At present too where the country is in a crucial position owing to
the problem in the North and the East, the SLFP’s role has been
significant in that the Government has today succeeded in flushing
terrorism out of the Eastern province.
Thus the present SLFP leader President Mahinda Rajapaksa is in the
process of achieving stability by winning the war against terrorism.
This is the biggest achievement by any Sri Lankan leader after the early
80s when the LTTE commenced its terrorist activities. Even the Indian
Army could not completely eradicate them militarily.
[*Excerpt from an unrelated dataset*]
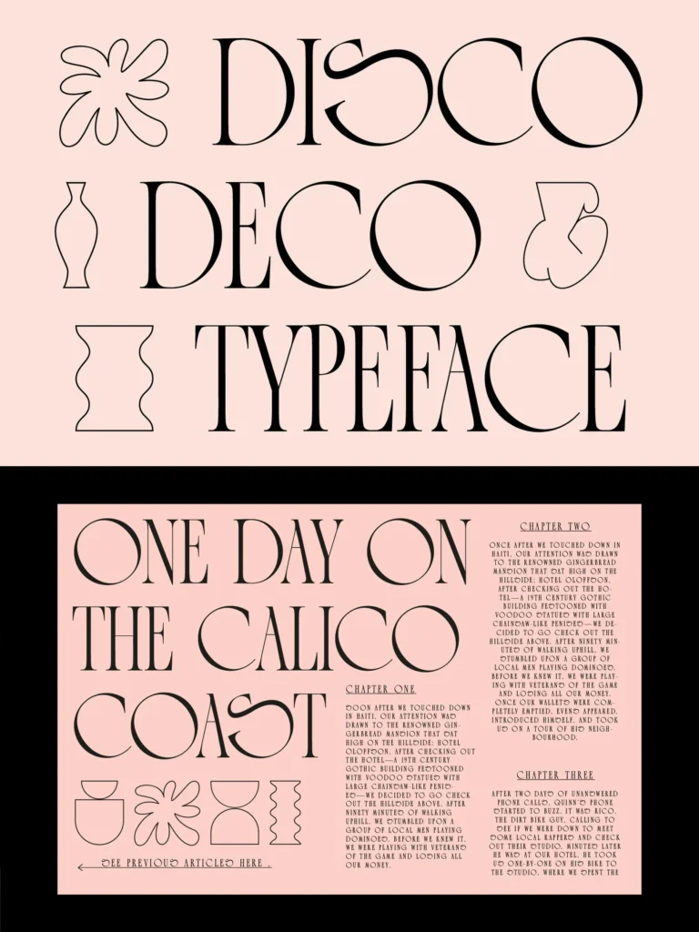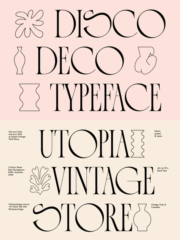Disco Deco is highly inspired by the art deco movement but with hints of different eras mixed in too. Make a funky poster with ease or a cool logo in seconds.

Accordingly, the
SLFP’s contribution to eliminate terrorism is a great achievement by any
standard.
An important factor one has to bear in mind in this regard is that
these victories were achieved in the midst of a host of other problems
including the rising cost of living directly linked to the mounting
crude oil prices in the international market.
Yet, even on the economic side, it must be noted that under the
presidency of Mahinda Rajapaksa who heads the SLFP, Sri Lanka has
continued to increase its domestic production.
Of course there are drawbacks which are directly linked to the
terrorist problem like the drop in the number of tourist arrivals. But,
such drawbacks are inevitable in any country faced with the menace of
terrorism.
Social Revolution
During the regime of the first SLFP Government led by Prime Minister
Bandaranaike, a large number of changes took place like the common man
being given his rightful position.
Those were the days where there was a ruling elitist class in the
country while the vast majority of the population consisted of poor,
down-trodden masses.
The division was clearly felt; the English-speaking elitists who
controlled the economy on the one hand and the ‘have-nots’ on the other.
The former were educated and rich, and ruled the country socially,
politically and in every other sphere. When one compared the urban and
the rural sectors, it was the urban elitists who ruled the country as
opposed to the rural folk who formed the majority. There were no
divisions on communal lines.
It was Premier Bandaranaike who brought about a change in this
situation which is now called the ‘1956 social revolution’. One must
remember that it was the ‘Pancha Maha Balawegaya’ consisting of Buddhist
monks, ayurvedic doctors, teachers, farmers and labourers that brought
his Government to power. Incidentally, when the first SLFP Government
was sworn in, all its members were clad in the national attire.
From olden times the ancient centres of learning in this country were
the pirivenas. Bandaranaike converted two of the prime pirivenas,
Vidyodaya and Vidyalankara, into universities which are known today as
the Universities of Sri Jayawardenepura and Kelaniya.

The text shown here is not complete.